Going this time by boat, instead of her trusty horse, she was accompanied only by her boat captain and her dog, Billy. On one occasion, she almost lost her beloved canine when a sudden storm erupted, and the boatman focused his efforts on their survival. Billy weathered the night in the sea on the boat, enjoying a joyous reunion the next morning.
Emily’s world may have been restricted in its human relationships however, it lacked nothing in terms of her animal companionship. Her family consisted of multiple dogs, a white rat, parrots, racoons, chipmunks, birds, and her devoted companion, Woo, a Javanese monkey.
Adopted by Emily in 1923, Woo was like the child she never had. Woo was separated from her own mother at a very young age and needed a maternal relationship. She often acted out if she didn’t feel she was getting enough attention. She would urinate in Emily’s shoes, or eat her paints, and became deathly ill on several occasions. Emily would dress her up in frilly girls clothing and take her in a baby carriage along the streets of Victoria, exciting the children, and inciting the disparagement of her local middle-class contemporaries.
Sadly, Emily suffered a heart attack and a stroke, and was unable to look after her friends. Woo was dispatched to the Stanley Park Zoo in Vancouver, where she would throw herself from side to side in her cage. She died a year later, confined, and devastated by the separation after almost 20 years together.
Rewards
Carr’s career was mediocre and her accomplishments lean, until a turning point in 1927 when she received an invitation to participate in an exhibition of Canadian West Coast Art – Native and Modern, which was being hosted in Ottawa. Amongst a group of peers which included First Nations artists, as well as members of the Group of Seven – Canada’s most notable artists of the time, Carr would feature the most significant number of pieces – 26 paintings, several pieces of pottery decorated with Indigenous-styled artwork, and four hooked rugs. She was 56-years-old.
This show, and her resulting association with the Group of Seven, in particular, Lawren Harris, would be the catalyst that inaugurated her place in Canadian history. She returned to her First Nations sketches from 1912. She had found the spiritual connection to her work, and for the next 15 years, would devote herself to the collection of totems and Indigenous representations for which she is acclaimed.
Redemption
On March 2, 1945, Emily Carr passed into her next life. Before she died, she spent the last few years of her life writing short stories and memoirs, Klee Wyck, The Book of Small, The House of All Sorts and Growing Pains – stories of her real-life experiences.

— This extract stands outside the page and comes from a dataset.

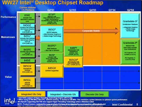 威盛将在第一季度推出PT890芯片组,支持Pentium4 Prescott处理器,支持800MHz FSB,支持双信道DDR400以及双信道DDR2 667内存,同时支持AGP8X和PCI Express 16x。另外,威盛PT890芯片组还支持PCI Express 4x,让PT890芯片组支持到高速网络存储设备。预计PT890主机板将在2004年3月上市。

It has been “suggested” on occasion, that she plagiarized the traditional First Nations culture – a form of cultural appropriation, so to speak. But to most, including the First Nations people she lived and worked amongst, she afforded the highest of honours – the embodiment of passion and sincerity; portraying the power of a culture so strong and captivating, she sought to immortalize it in her work. There can be no higher honour.

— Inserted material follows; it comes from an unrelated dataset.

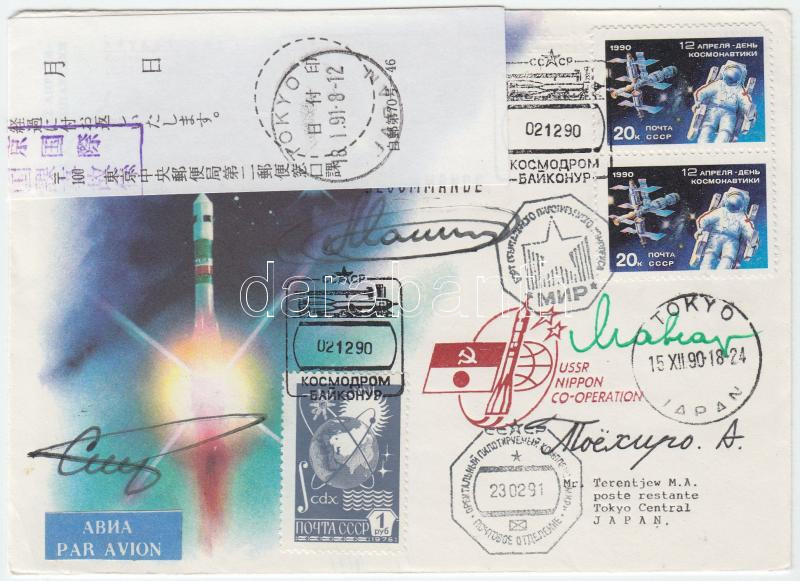 Leírás: Toyohiro Akiyama (1942- ) japán, Gennagyij Sztrekalov (1940-2004), Musza Manarov (1951- ) és Gennagyij Manakov (1950- ) orosz űrhajósok aláírásai emlékborítékon /

In 2013 and again in 2021, Emily Carr paintings were auctioned for more than $3 Million dollars each. Her books are considered classics. She is recognized as “a central figure obviously in West Coast art and Canadian art, but she can also be thought of as central to early modern North American art and to 20th century women painters worldwide,” says Robert Heffel, Vice-President of Heffel Canadian Fine Art Auction House. She was, and remains, an artist on the edge.